Do Ho Suh: Walk the House, Tate Modern: ‘Impossible' architecture remade on a human scale
Are we in London? Or have we been teleported to New York? At points, it seems, we could even be in Seoul. Suh has lived in all three cities, and his work – which he describes as 'impossible' architecture, and which often plays with the notion of 'home', by reimagining it as something flimsy and portable that could be packed into a suitcase – commemorates many of the nondescript houses and apartments he's inhabited.
Nest/s (2024), the show's centrepiece, is a case in point. Fashioned from semi-transparent, brightly coloured polyester, it consists of several contrasting, building-block-like sections, each replicating a room once occupied by Suh, yet stitched together – as they never could be in reality – to create a continuous passageway through which the viewer is invited to walk. Tiny details (doorknobs, security chains, shower heads, toothbrush holders) are reproduced, also in sheer fabric, with astonishing verisimilitude, with the instructions on, say, a fire alarm, or an exhaust fan's logo, picked out in intricate stitching.

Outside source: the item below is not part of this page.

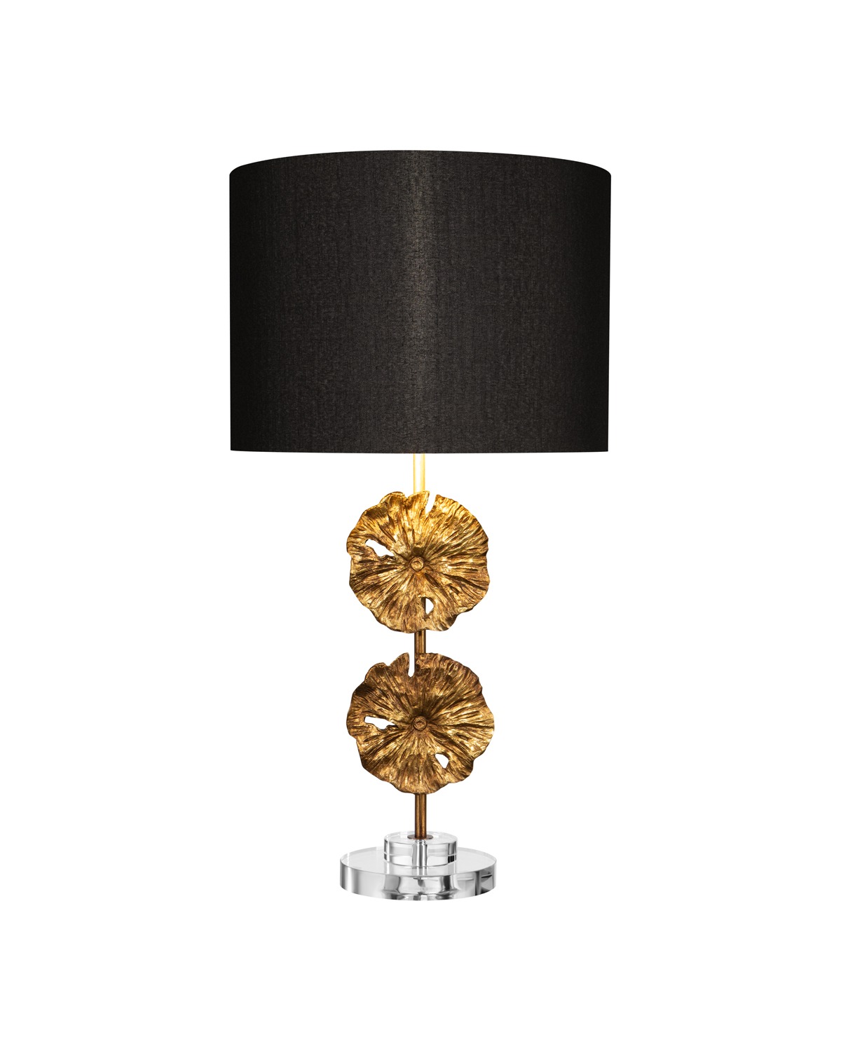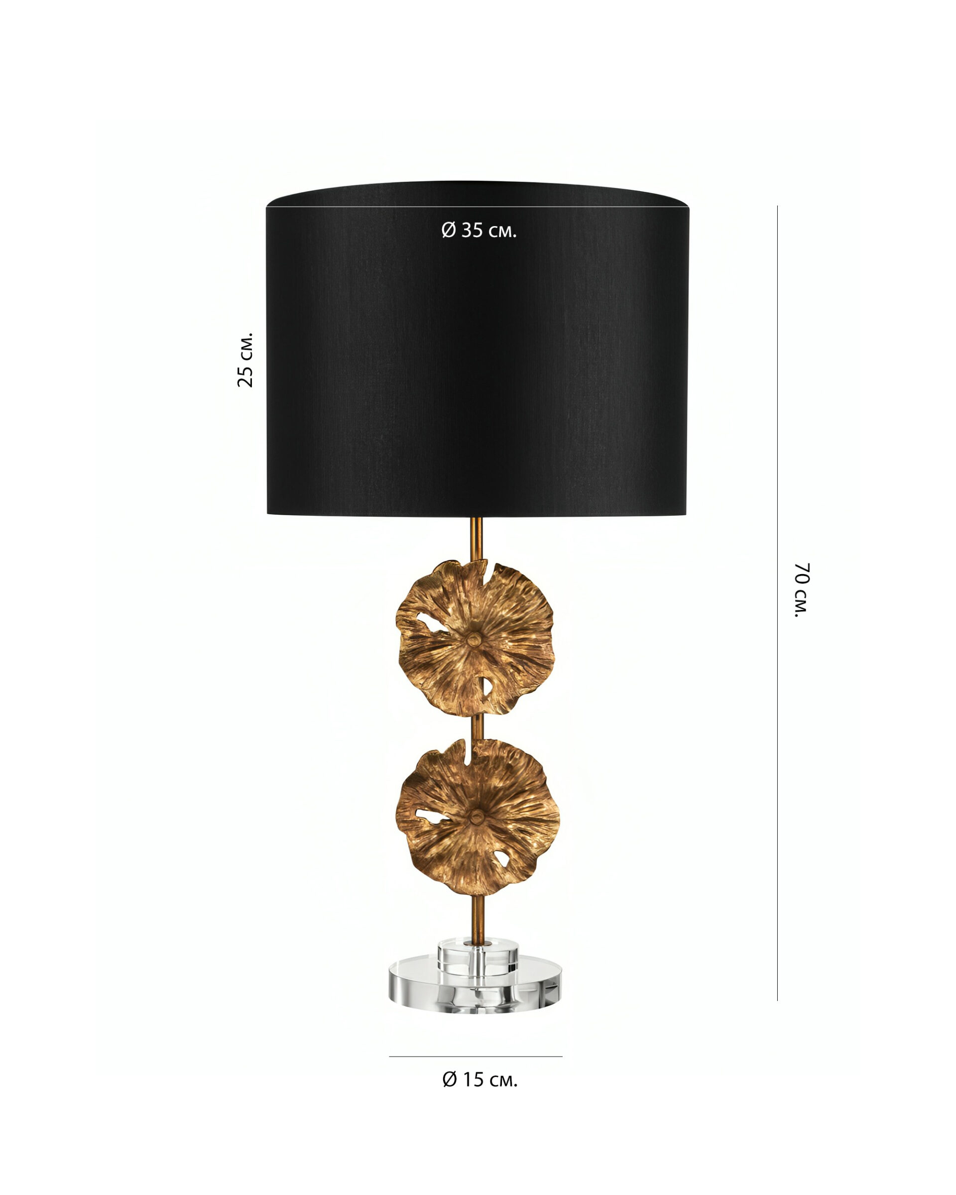 Настольная лампа “Энкам” – это стильное решение для любого интерьера. Она выполнена в современном стиле, что делает ее подходящей для различных помещений. Металлические акценты на основании лампы, напоминающие по своему силуэту тропические листья, придают лампе особый вид и оригинальность. Черный цилиндрический абажур создает мягкий и приятный свет.

There's nothing special about the rooms and corridors these spaces duplicate, but that, surely, is the point. Suh turns something humdrum – the interstitial, forgettable nooks and crannies in which we spend much of our lives – into a glowing, ethereal counterpoint to reality, which the visitor enters while always remaining visible to gallery-goers outside. Suh compares the experience to passing through a 'portal' – an alternate dimension, perhaps, colliding West and East.

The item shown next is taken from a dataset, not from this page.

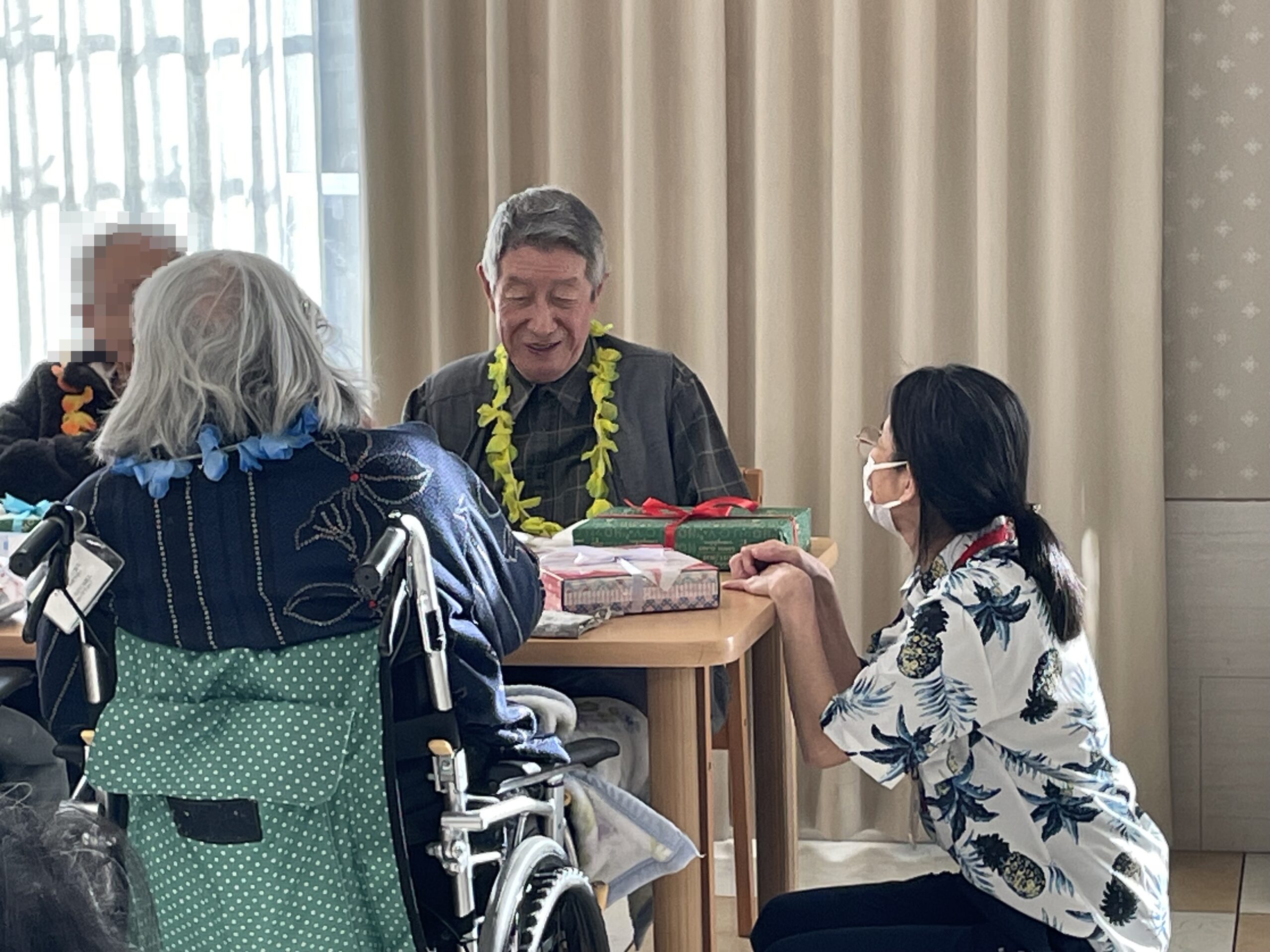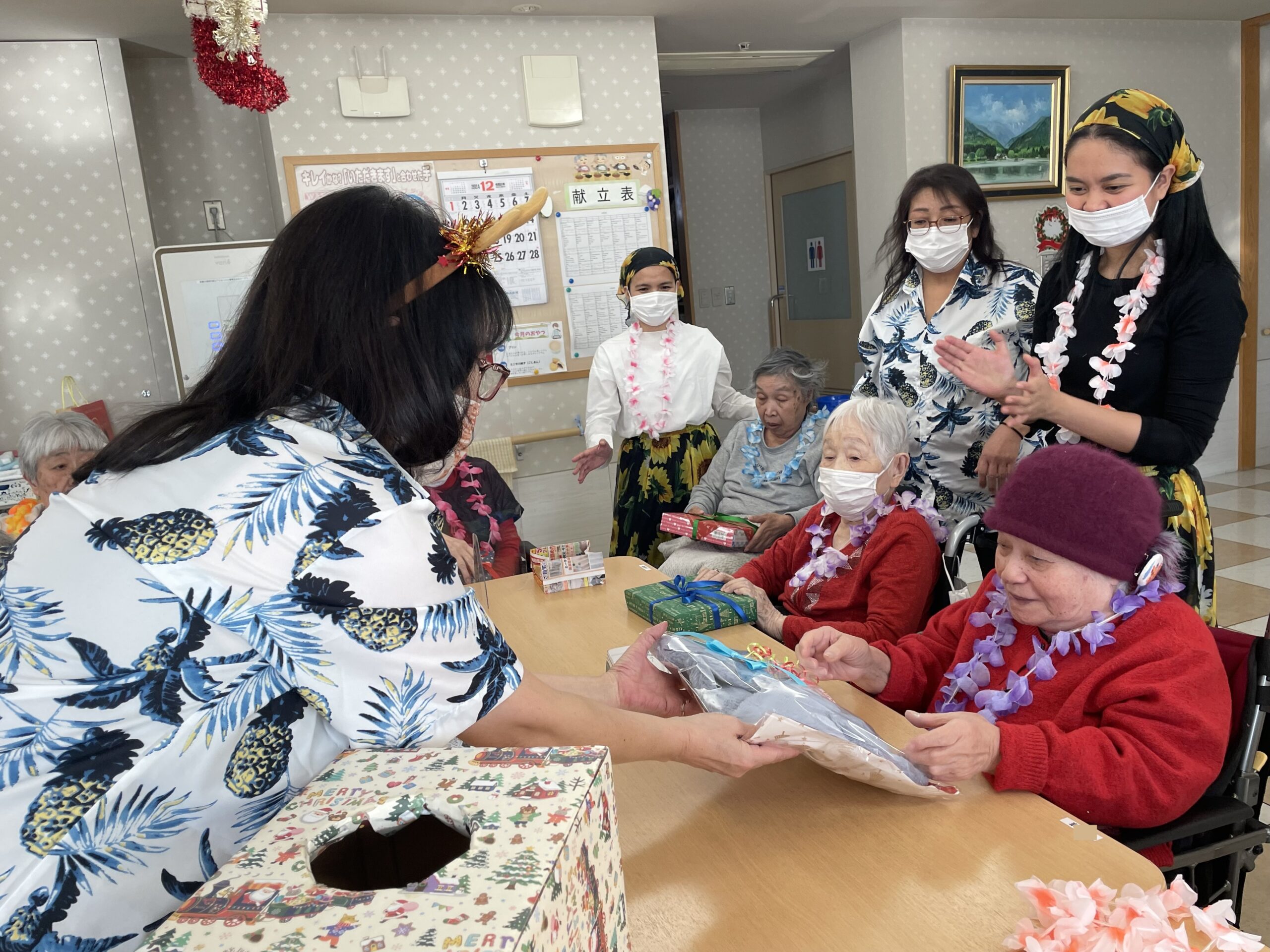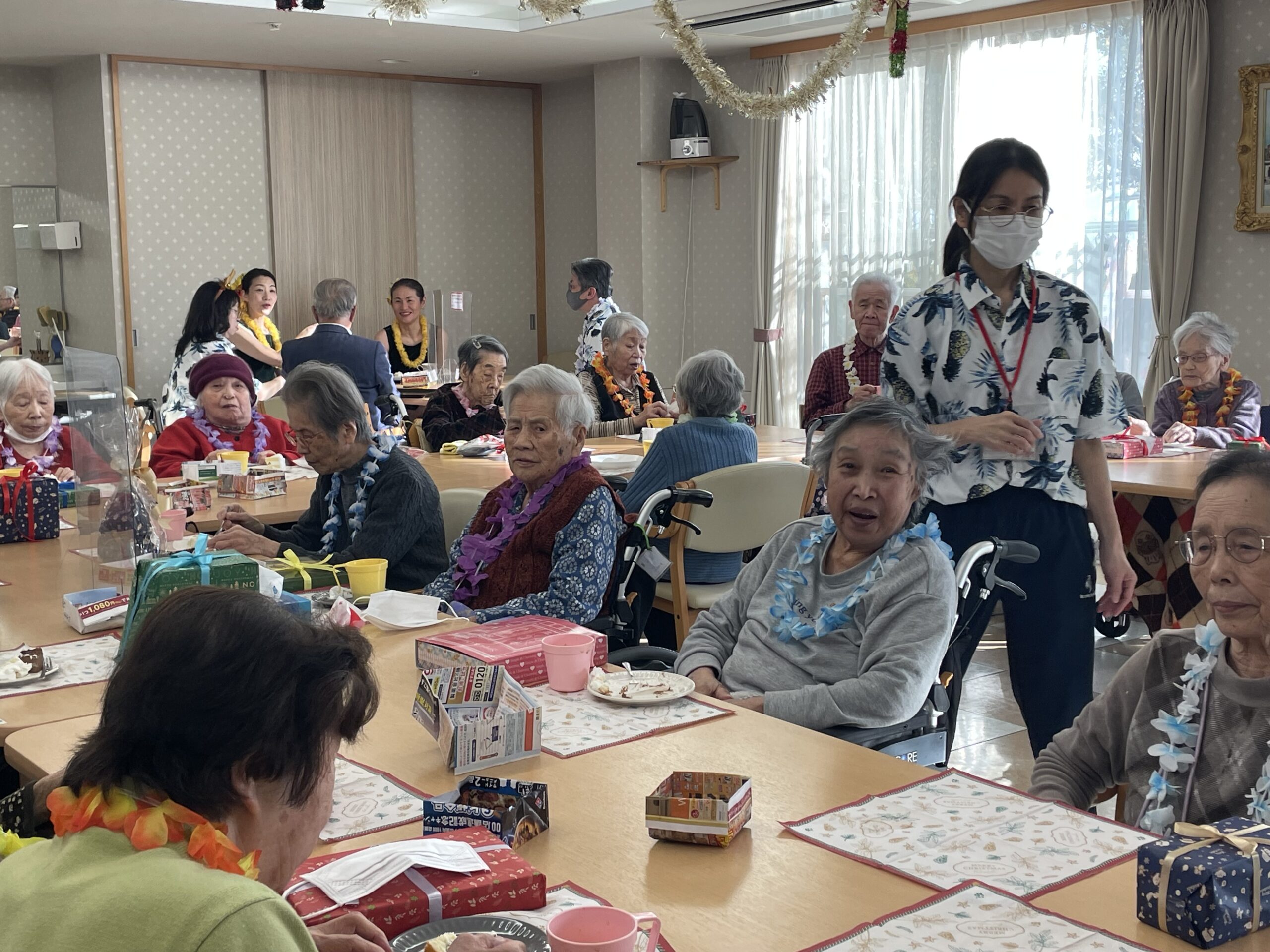 ハワイアンフラを披露してくださったお二人と本社のスタッフと当施設管理者たちもケーキをいただきました。沢山の人にご協力いただき、2024年コンシェルジュ花みずきクリスマス会も皆様の笑顔溢れる☆楽しい時間を過ごすことが出来ました。

Architecture's permanence is thus made porous, tent-like, and poetic; sculpture (traditionally associated with mass) becomes light, see-through, and suggestive. These are buildings of the mind.
Perfect Home (2024), towards the end of the exhibition, takes the conceit further. The white-polyester walls and ceiling of its hangar-like structure, which replicates the volume of Suh's home in London (where he has lived since 2016), are studded, seemingly at random, with small, tangible representations (which he calls 'specimens'), also in colourful translucent polyester fabric, of domestic fixtures and fittings handled daily by the artist in various places over the years.
The effect is uncanny, as if reality's veil has been torn asunder, to reveal a three-dimensional blueprint detailing the Platonic ideal of, say, a strip light, thermostat, or ceiling rose. Perfect Home is also subtly autobiographical. J Alfred Prufrock, in TS Eliot's poem, 'measured out [his] life with coffee spoons'; Suh quantifies his existence with light switches, plug sockets, and the like.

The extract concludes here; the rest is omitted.